EXERCISE DESCRIPTION: In the listing beneath this line, copy exactly the lines starting with the one containing "Esti 3 в 1 не" and going on through the one containing "Зізнайтеся в своїх".

RECORDS FOR PROCESSING:
◇ ◇ ◇ ◇ ◇ ◇ ◇

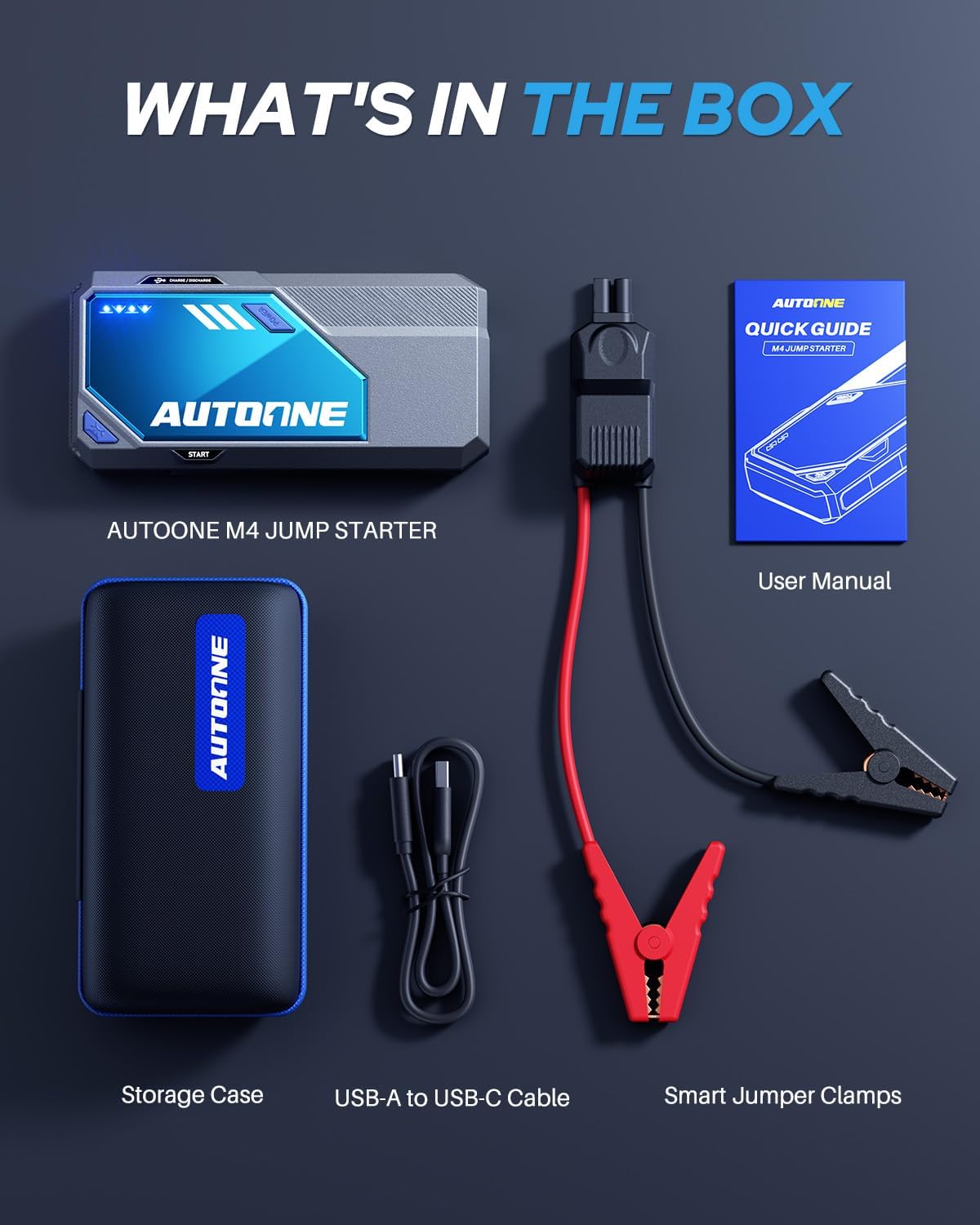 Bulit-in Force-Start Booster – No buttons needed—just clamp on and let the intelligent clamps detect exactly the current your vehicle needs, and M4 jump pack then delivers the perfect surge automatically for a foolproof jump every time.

◇ ◇ ◇ ◇ ◇ ◇ ◇

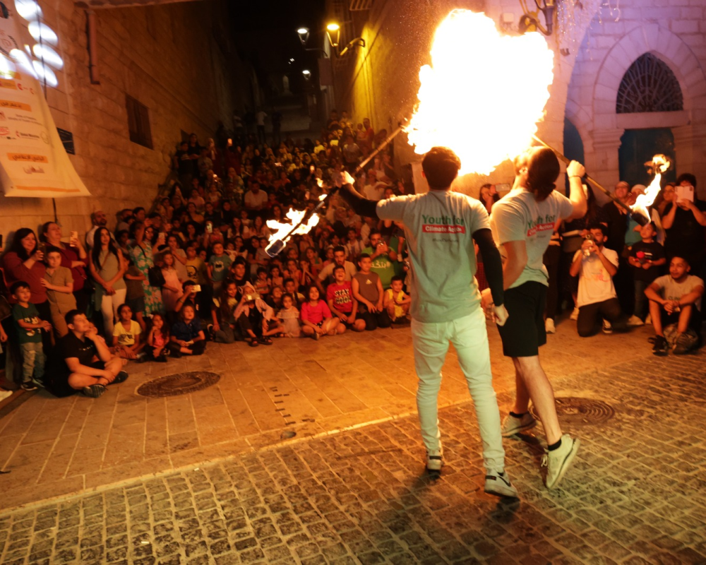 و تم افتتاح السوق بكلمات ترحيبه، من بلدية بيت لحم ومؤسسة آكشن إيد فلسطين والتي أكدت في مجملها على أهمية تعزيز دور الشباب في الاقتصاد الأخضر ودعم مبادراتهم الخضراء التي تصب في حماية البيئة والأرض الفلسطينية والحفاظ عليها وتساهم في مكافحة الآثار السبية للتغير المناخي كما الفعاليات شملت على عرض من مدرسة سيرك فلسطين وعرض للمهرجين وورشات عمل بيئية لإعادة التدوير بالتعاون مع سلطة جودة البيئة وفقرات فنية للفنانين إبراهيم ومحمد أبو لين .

◇ ◇ ◇ ◇ ◇ ◇ ◇

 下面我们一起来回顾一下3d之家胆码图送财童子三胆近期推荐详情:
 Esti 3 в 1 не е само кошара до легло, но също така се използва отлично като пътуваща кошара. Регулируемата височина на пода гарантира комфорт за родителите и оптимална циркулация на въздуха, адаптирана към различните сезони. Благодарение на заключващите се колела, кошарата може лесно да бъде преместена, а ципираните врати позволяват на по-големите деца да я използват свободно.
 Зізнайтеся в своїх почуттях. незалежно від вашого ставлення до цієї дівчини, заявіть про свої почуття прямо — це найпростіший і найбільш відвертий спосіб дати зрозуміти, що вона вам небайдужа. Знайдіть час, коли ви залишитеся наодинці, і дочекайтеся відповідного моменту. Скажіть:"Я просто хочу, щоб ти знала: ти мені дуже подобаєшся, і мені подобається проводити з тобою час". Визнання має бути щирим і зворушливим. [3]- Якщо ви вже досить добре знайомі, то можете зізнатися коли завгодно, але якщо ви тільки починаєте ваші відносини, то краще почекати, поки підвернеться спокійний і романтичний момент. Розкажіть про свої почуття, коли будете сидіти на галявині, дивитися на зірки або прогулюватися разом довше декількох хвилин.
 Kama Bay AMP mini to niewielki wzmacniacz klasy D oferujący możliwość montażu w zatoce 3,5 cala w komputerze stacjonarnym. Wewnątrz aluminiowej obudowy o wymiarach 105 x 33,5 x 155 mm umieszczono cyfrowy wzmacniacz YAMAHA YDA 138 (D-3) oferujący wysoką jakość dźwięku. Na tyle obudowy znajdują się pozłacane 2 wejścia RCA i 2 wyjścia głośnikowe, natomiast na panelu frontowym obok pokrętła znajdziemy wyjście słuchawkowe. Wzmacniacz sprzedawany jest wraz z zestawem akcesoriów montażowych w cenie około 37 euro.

◇ ◇ ◇ ◇ ◇ ◇ ◇

FINAL ANSWER:
 Esti 3 в 1 не е само кошара до легло, но също така се използва отлично като пътуваща кошара. Регулируемата височина на пода гарантира комфорт за родителите и оптимална циркулация на въздуха, адаптирана към различните сезони. Благодарение на заключващите се колела, кошарата може лесно да бъде преместена, а ципираните врати позволяват на по-големите деца да я използват свободно.
 Зізнайтеся в своїх почуттях. незалежно від вашого ставлення до цієї дівчини, заявіть про свої почуття прямо — це найпростіший і найбільш відвертий спосіб дати зрозуміти, що вона вам небайдужа. Знайдіть час, коли ви залишитеся наодинці, і дочекайтеся відповідного моменту. Скажіть:"Я просто хочу, щоб ти знала: ти мені дуже подобаєшся, і мені подобається проводити з тобою час". Визнання має бути щирим і зворушливим. [3]- Якщо ви вже досить добре знайомі, то можете зізнатися коли завгодно, але якщо ви тільки починаєте ваші відносини, то краще почекати, поки підвернеться спокійний і романтичний момент. Розкажіть про свої почуття, коли будете сидіти на галявині, дивитися на зірки або прогулюватися разом довше декількох хвилин.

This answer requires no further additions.